I don’t like this season of my life.  It stinks most of the time.  But, He is teaching me what his Word REALLY means in reality instead of in theory…my life is no longer about what I know.

It’s about how I live what I know.

It’s about what it truly means to remain joyful in the midst of suffering.

Dear brothers and sisters,when troubles come your way, consider it an opportunity for great joy. For you know that when your faith is tested, your endurance has a chance to grow. So let it grow, for when your endurance is fully developed, you will be perfect and complete, needing nothing. James 1: 2-4

It’s about laying my worries and burdens at His feet…

Give all your worries and cares to God, for he cares about you.1 Peter 5:7

It’s about experiencing the love of a Savior  – a love that never fails – a love that picks me up again and again…and being deeply thankful for that love.

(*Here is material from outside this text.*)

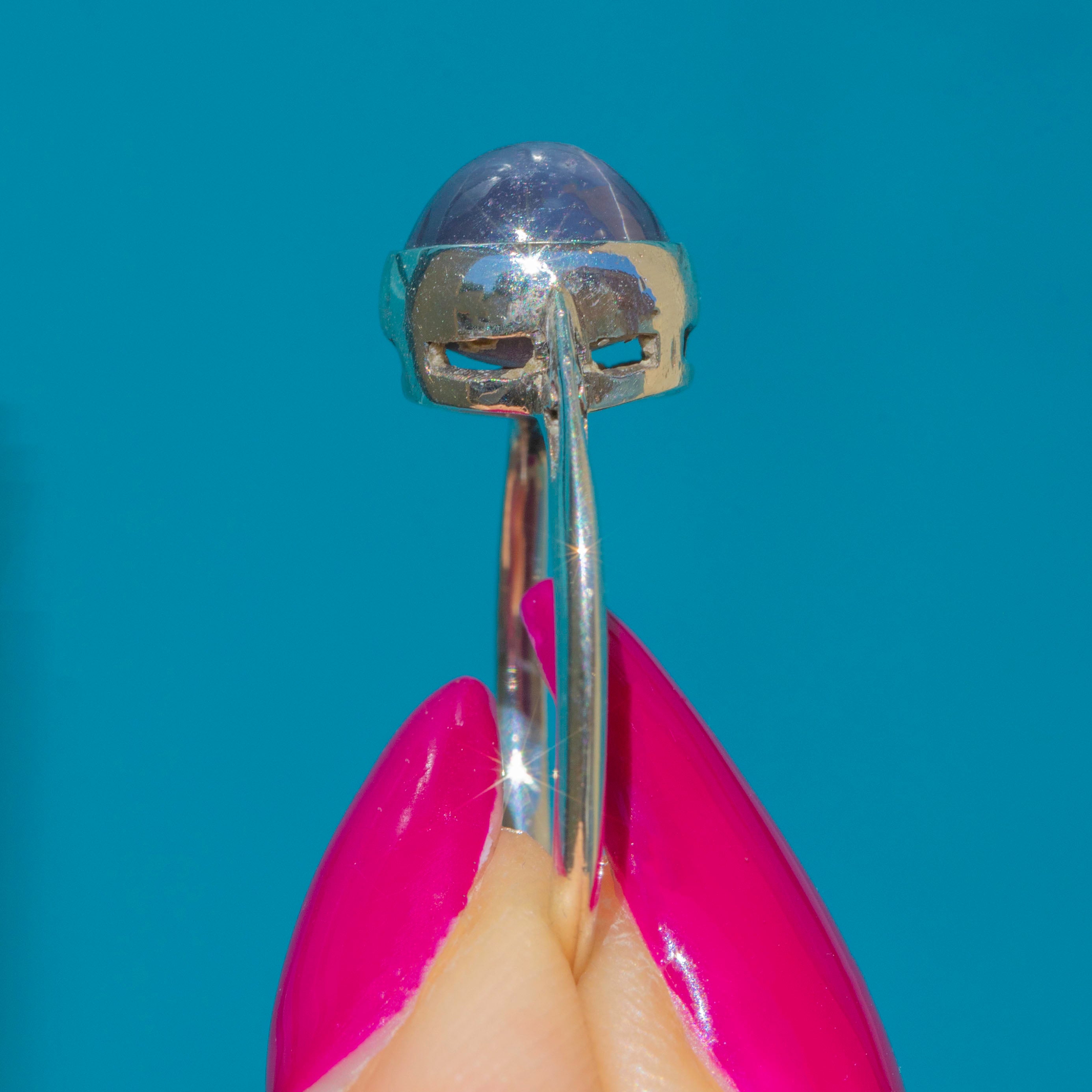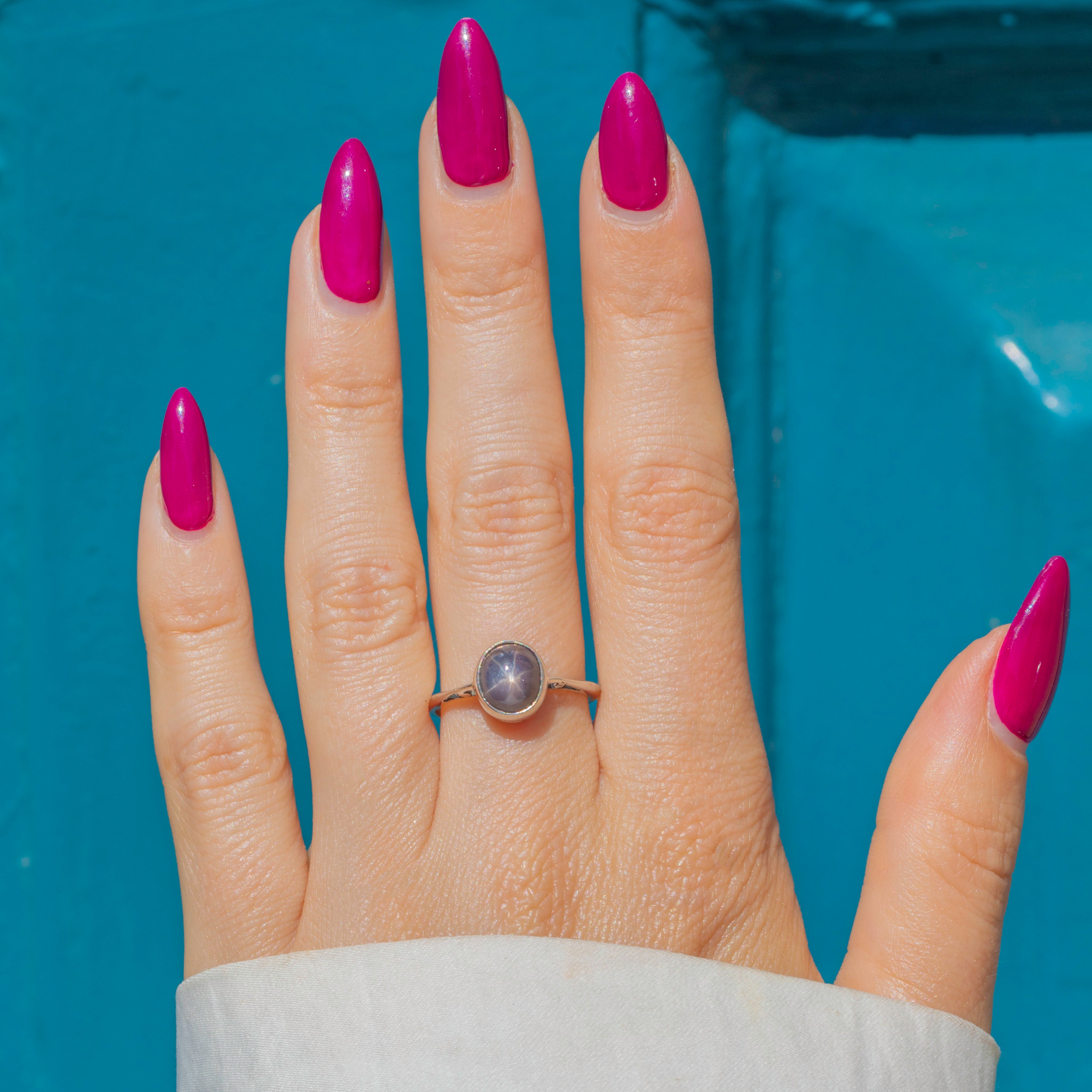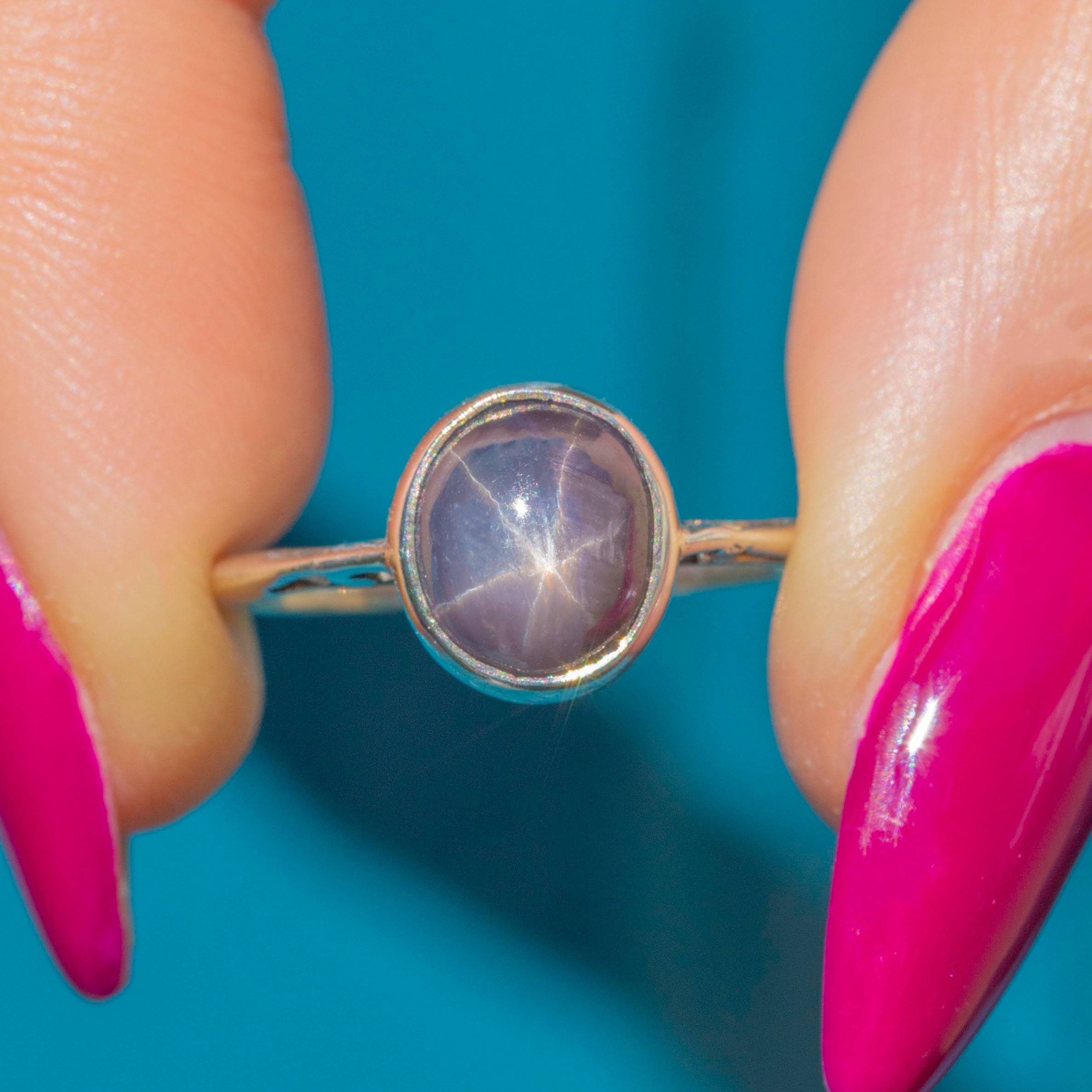 This vintage solitaire ring projects a gorgeous deep lavender hue radiating from its domed cabochon Star Sapphire, with the crisp and strong asterism of the gemstone truly stealing the show as it catches the light.

Give thanks to the Lord, for he is good!

His faithful love endures forever.
Give thanks to the God of gods.

His faithful love endures forever.

Give thanks to the Lord of lords.

His faithful love endures forever.

Psalm 136:  1-3

I feel like I’ve written this a thousand times –and I’ll probably write it a thousand more – but give grace.  Ask God to make you aware of places in you that need filled with grace and love.  We have no idea what tomorrow holds.  We are all one decision – by us or by another – away from a completely different reality.  From a life that looks nothing like the one we wanted – or thought we wanted.

Regardless of where you sit, give grace.